● **PROMPT**: Nothing beyond the line containing "Территория отеля небольшая" is to be printed; print exactly each line from the start of the records below through that line, leaving out pictures.

● **DATA SUPPLIED**:
▬▬▬
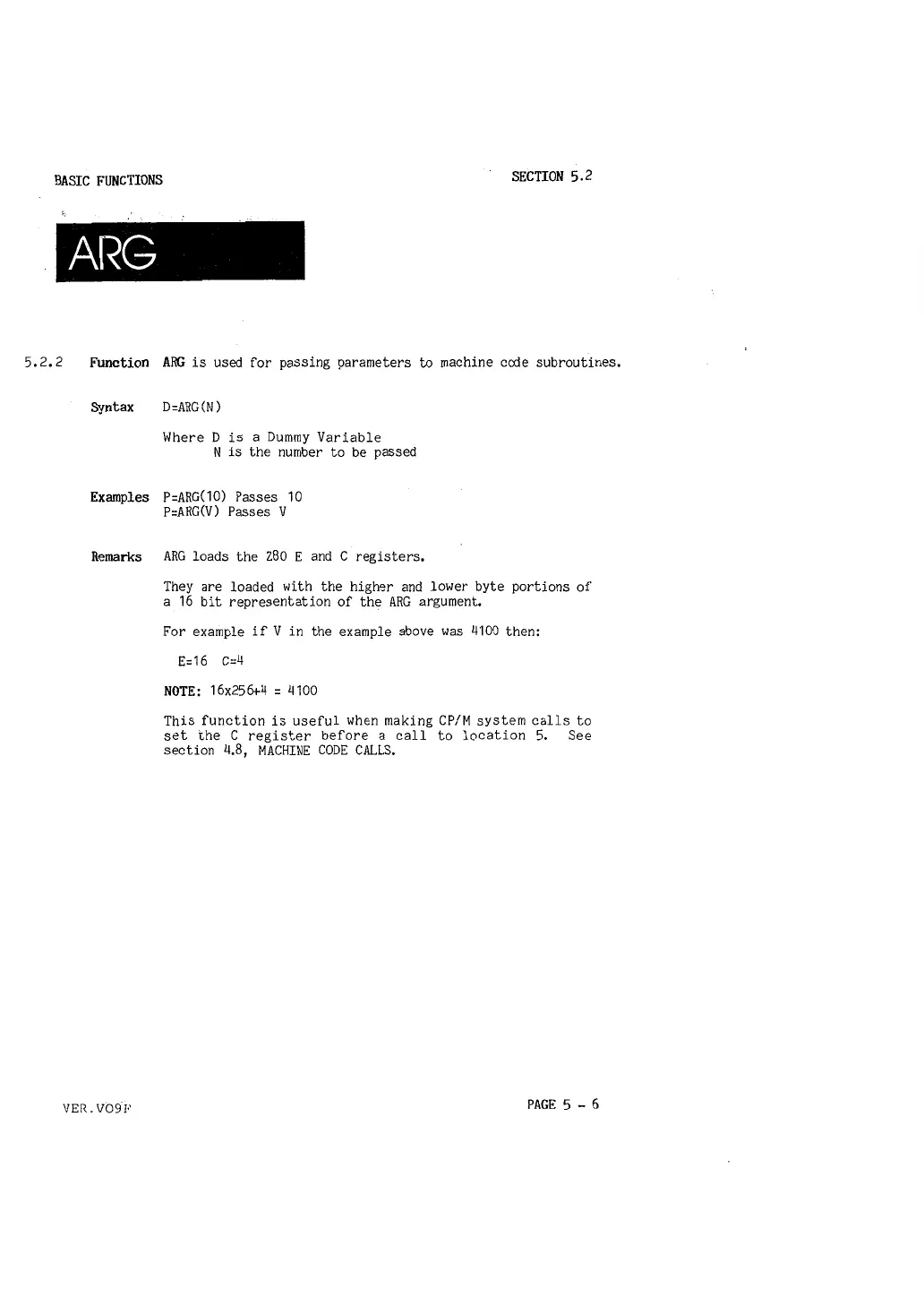Remarks ARG loads the Z80 E and C registers.
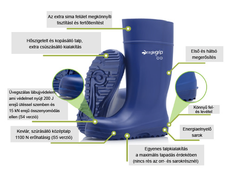 - Az EagleGrip® csizma kivételes tapadást biztosít extrém környezetben, például zsírral borított sima padlón. Ez egy csúszásmentes külső talp, amely jobban ellenáll a kopásnak, a vegyszereknek, az olajoknak, az oldószereknek és a hőmérsékletnek.
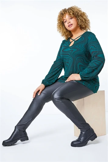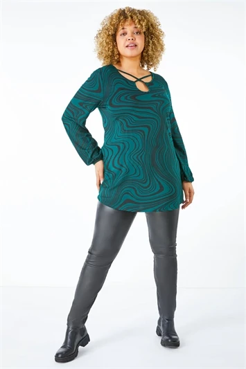 Give a nod to the dark floral trend with this curve, floral print, mesh top. Cut from a stretch, jersey fabric this piece features a feminine v neckline and full length, sheer, sleeves with thick shirred cuffs. It’s adorned in a striking, dark floral print, in on trend colours. Designed to pull on overhead for fuss free dressing, this top is perfect for your everyday. Add leather look trousers and heeled boots for a cute but casual look!
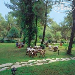 Территория отеля небольшая но очень красивая, ухоженная среди соснового леса.
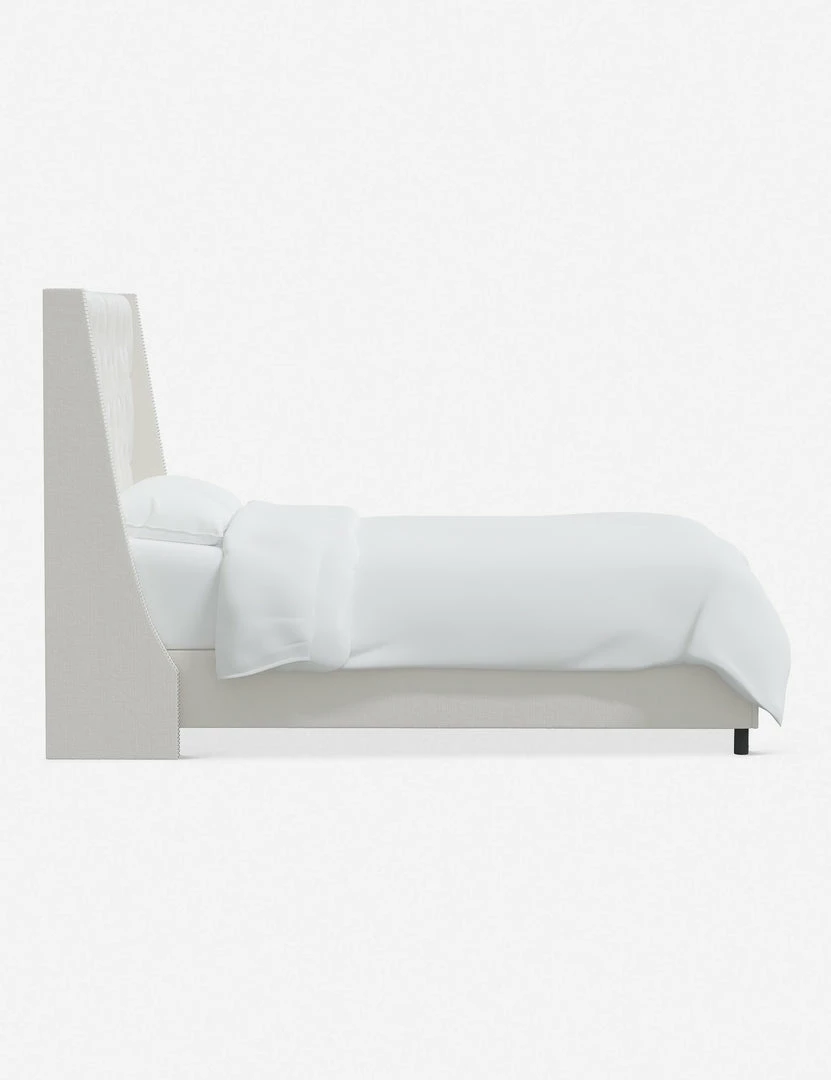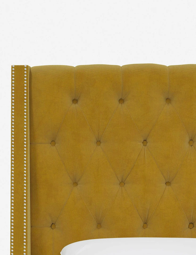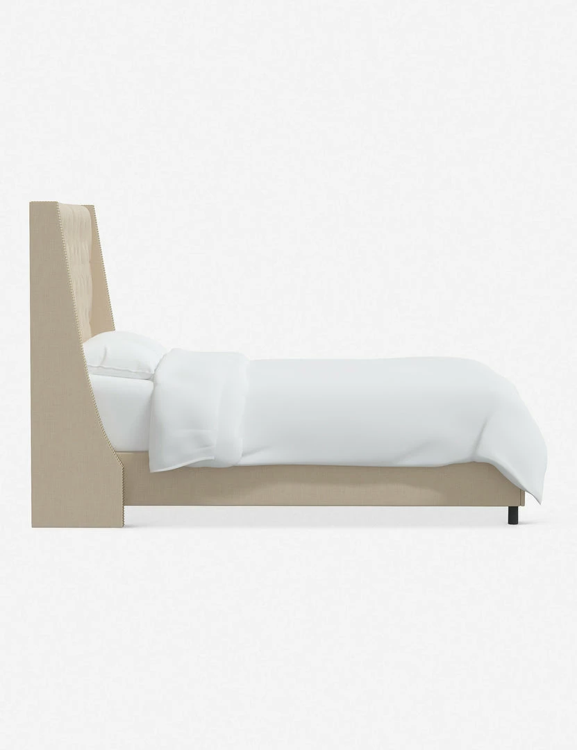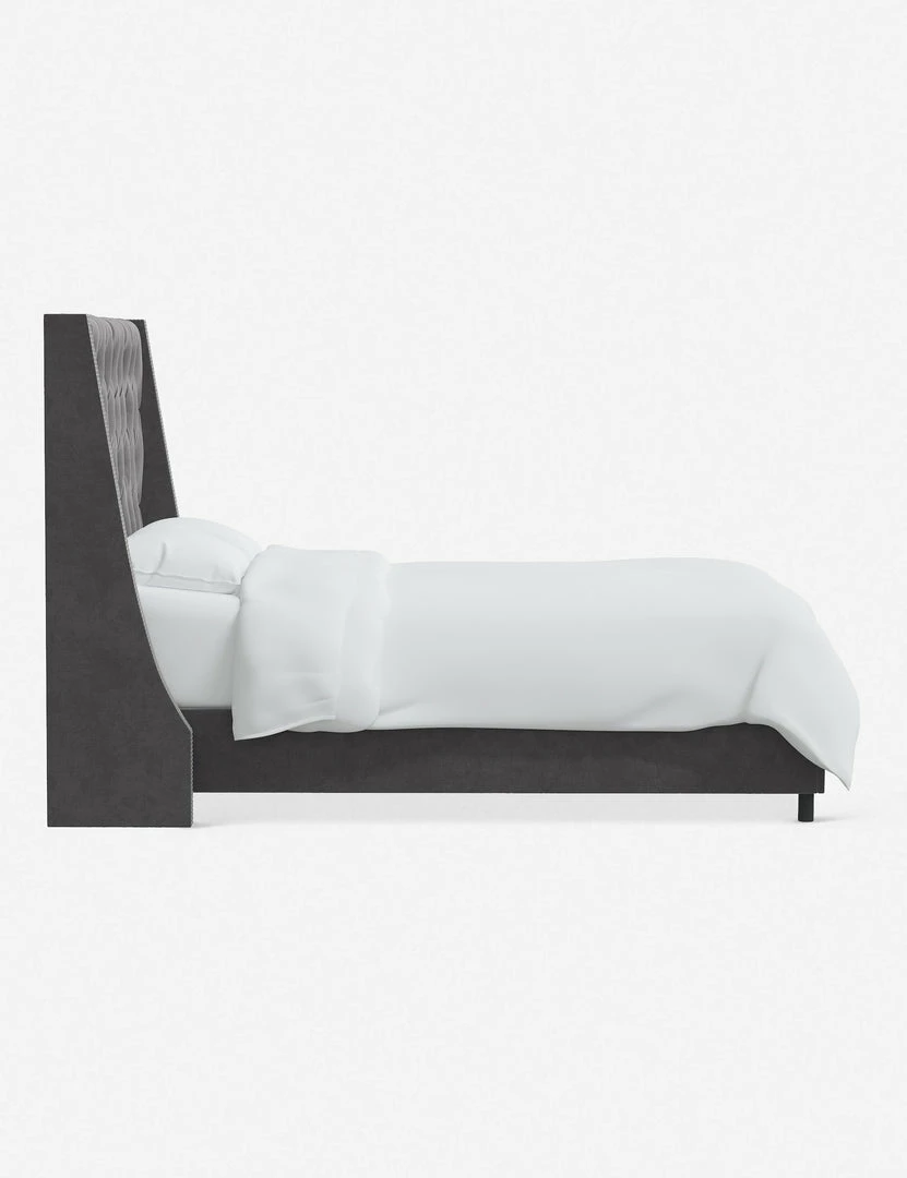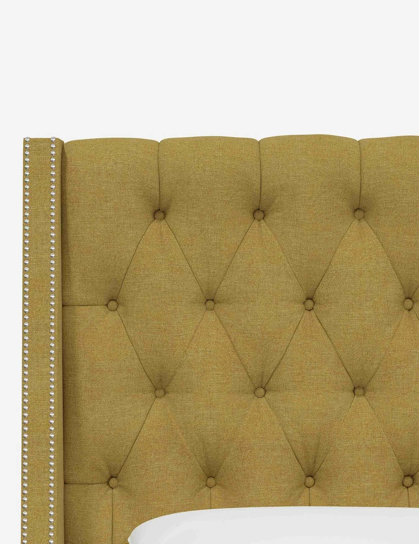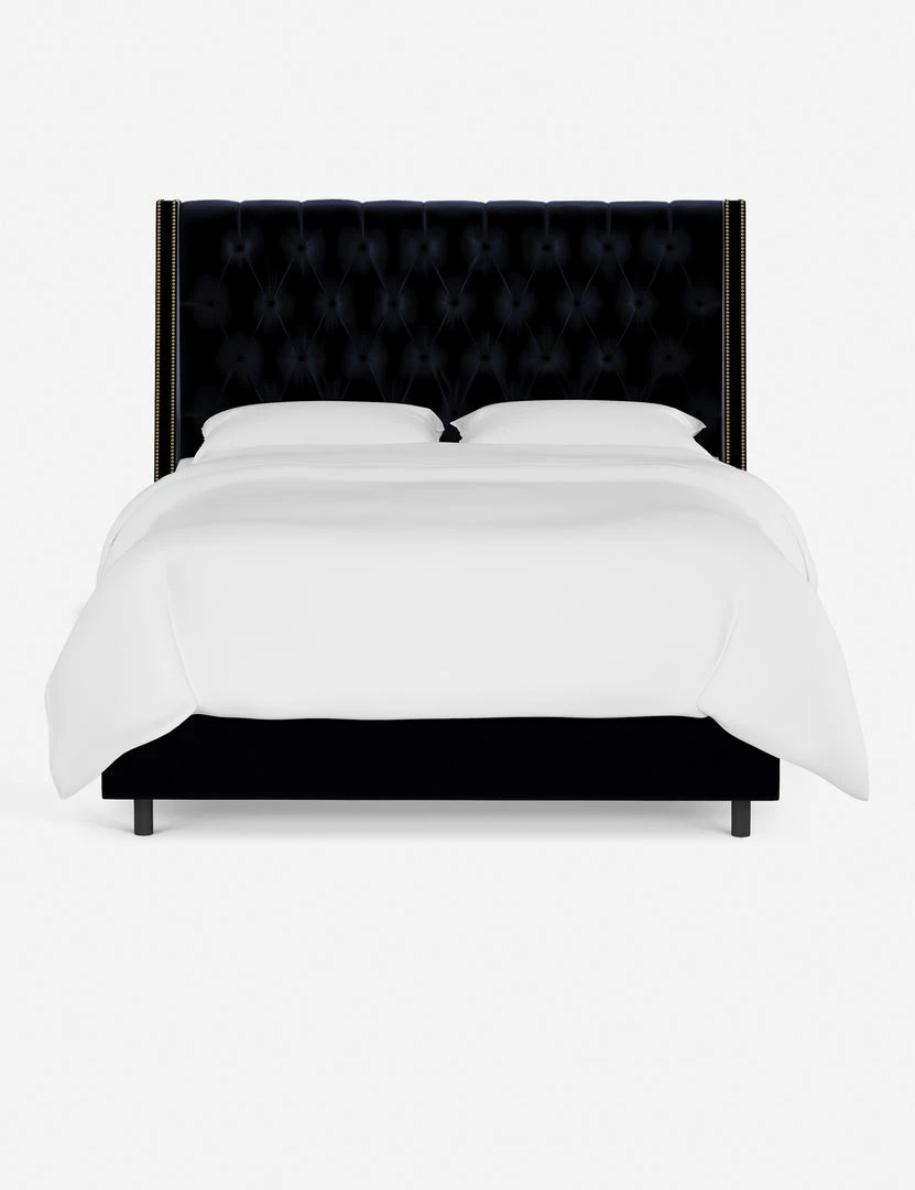 Traditional style is given a modern treatment in this bed with its tufted headboard, subtly winged with orderly rows of upholstery tacks. With a design set for a luxe night’s rest or morning cup of tea, this bed frame can suit a vintage-inspired aesthetic or bring a touch of chic visual texture to a tailored space.
▬▬▬
● **TASK OUTPUT**:
Remarks ARG loads the Z80 E and C registers.
 - Az EagleGrip® csizma kivételes tapadást biztosít extrém környezetben, például zsírral borított sima padlón. Ez egy csúszásmentes külső talp, amely jobban ellenáll a kopásnak, a vegyszereknek, az olajoknak, az oldószereknek és a hőmérsékletnek.
 Give a nod to the dark floral trend with this curve, floral print, mesh top. Cut from a stretch, jersey fabric this piece features a feminine v neckline and full length, sheer, sleeves with thick shirred cuffs. It’s adorned in a striking, dark floral print, in on trend colours. Designed to pull on overhead for fuss free dressing, this top is perfect for your everyday. Add leather look trousers and heeled boots for a cute but casual look!
 Территория отеля небольшая но очень красивая, ухоженная среди соснового леса.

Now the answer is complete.